Richard also said that: “I’ve been painting professionally for about 20+ years and full time for about 7. I started painting my street scenes about 5 years ago when we moved back to this area after ten years or so in Rochester (following three years in liverpool while at Art College and three years in London) I’d never painted buildings before and I had promised myself never to put figures in my work.

“I was drawn to the first colour painting that I had made at Liverpool (I’d always painted in monochrome previously) it was a painting of some trees, a memory of childhood walks in the wood with my father, who died very young when I was 16”.

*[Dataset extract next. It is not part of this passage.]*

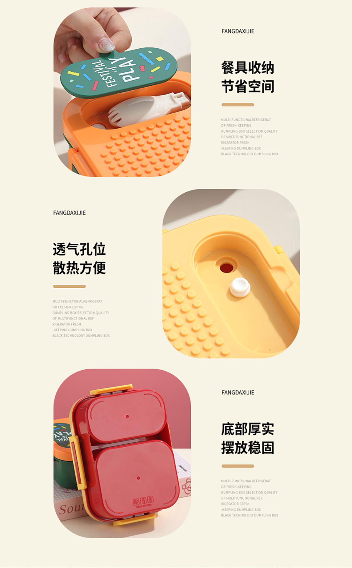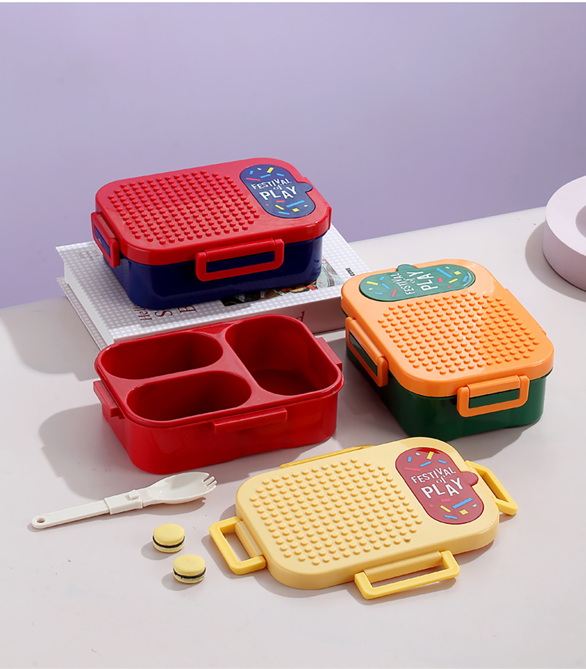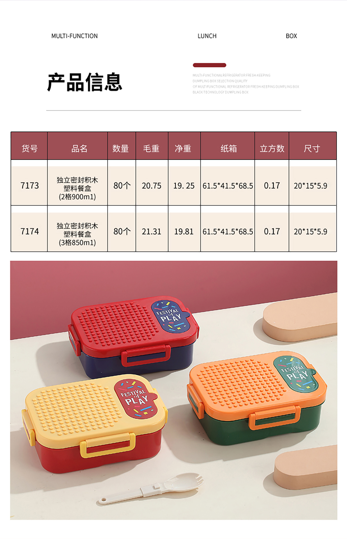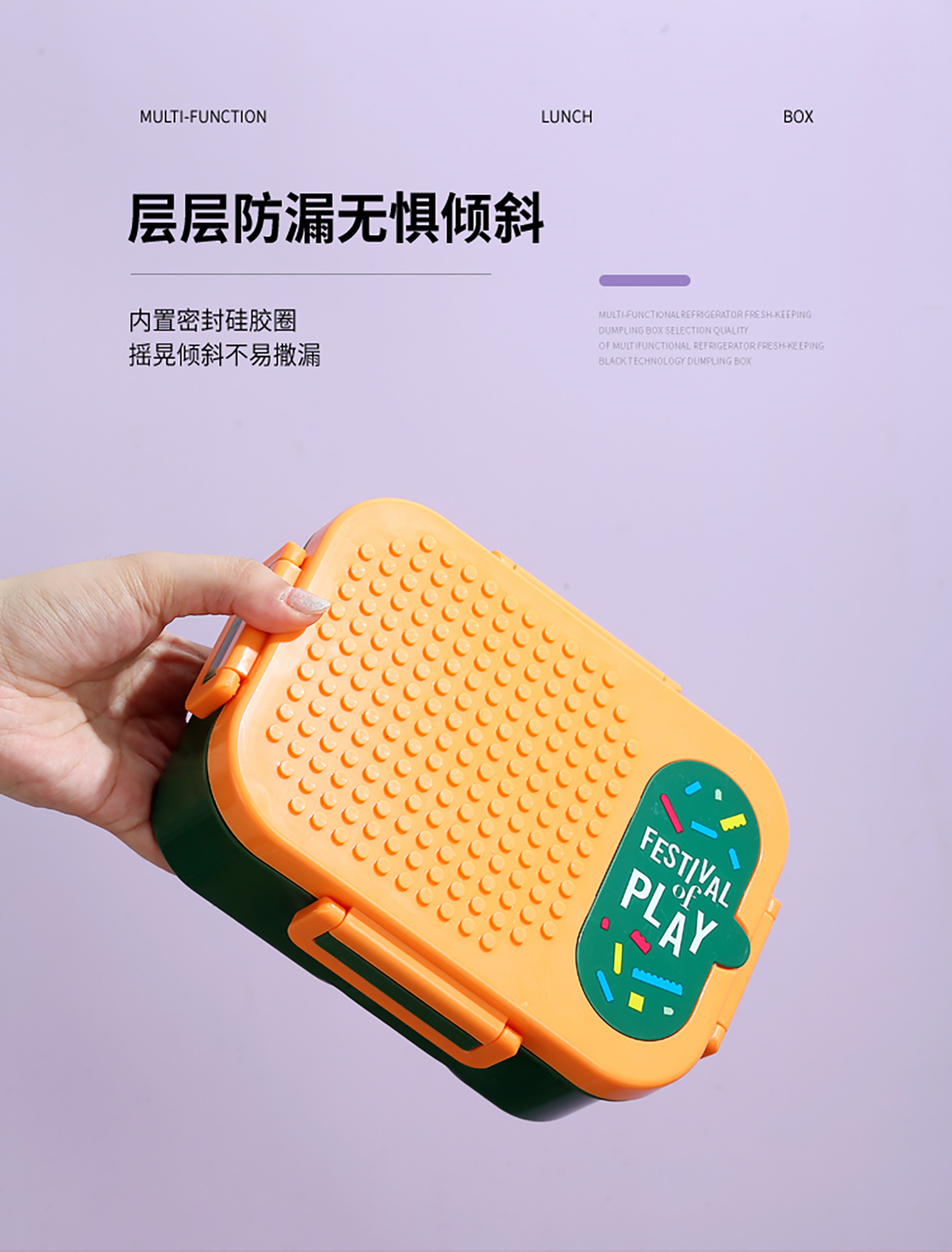 獨(dú)立密封積木塑料餐盒2格900ml/3格850ml (配PP折疊湯勺)

‘The Butchery” (2018). Courtesy of Instagram

He continued: “I found myself continually revisiting the woods and forests. I’ve always had a bit of a problem putting colours on top of each other (it just feels awkward) and at college I had eventually ended up making paintings of blocks of colour next to each other. This is how the paintings started. Building them up with blocks of colour. I like the way that complimentary colours make each other resonate and ‘sing’ so I’ve always embraced bright, vibrant colours. My brother lives in Sydney and sends us calendars featuring aboriginal art and I wonder whether this is where my dots and dashes come from? I find that it’s a neat and reasonably elegant solution to my inability to put colours together without making my teeth itch”

From the town centre to the winding side-streets and boutique shops, Friend paints the iconic urban views at dusk, reminding us that Canterbury is as diverse as the colour he implements and as creative as Friend’s interpretation of the classic locations.

Friend has painted ‘The Buttermarket’ (2013) and more recently ‘Mercery Lane’ (2018) ‘The Butchery’ (2018) and ‘Cathedral’ (2018) which has been ‘sold and is on its way to New York state!’

The artist explained the gap between his 2013 Canterbury painting and those more recently: “I had always intended to make Canterbury paintings but aside from the first one of ‘The Buttermarket’ I got completely side-tracked.

“I was supposed to be taking part in the Canterbury Inspire Art exhibition this month but it got cancelled unfortunately. However as I had put the time aside in my diary thankfully the three new Canterbury paintings got made anyway”.

The artist is currently selling the city prints, click here to visit Richard Friend’s Etsy shop.

‘The Buttermarket’ (2013). Courtesy of Richard Friend: Facebook.

“I never know what the paintings are going to look like”

Surprisingly, Friend doesn’t plan exactly what he wants the painting to look like, as he stated that: “They’re a celebration of colour and memory, I never know what the paintings are going to look like.They grow organically and are as much a surprise to me as anyone else when I’ve finished”.

Many of Friend’s paintings feature a lady in a red cape and a small often black (or sometimes white) cat, Richard explained: “One painting that I had made in 2012 had a curious shape in it that looked a bit like a figure. This shape kept reappearing in subsequent paintings and eventually morphed into the little red riding hood figure (Hester, named after Hester Prynne in the Scarlet Letter) She began to populate my paintings. I gave her Oscar, my black cat to keep her company as I didn’t like her wandering around by herself.

“Oscar, my cat that sits under my studio table next to the radiator”.

“The figure and cats were originally ‘curious’ shapes but evolved into recurring characters, “I started making paintings of Hester and Oscar wandering the streets of Deal”.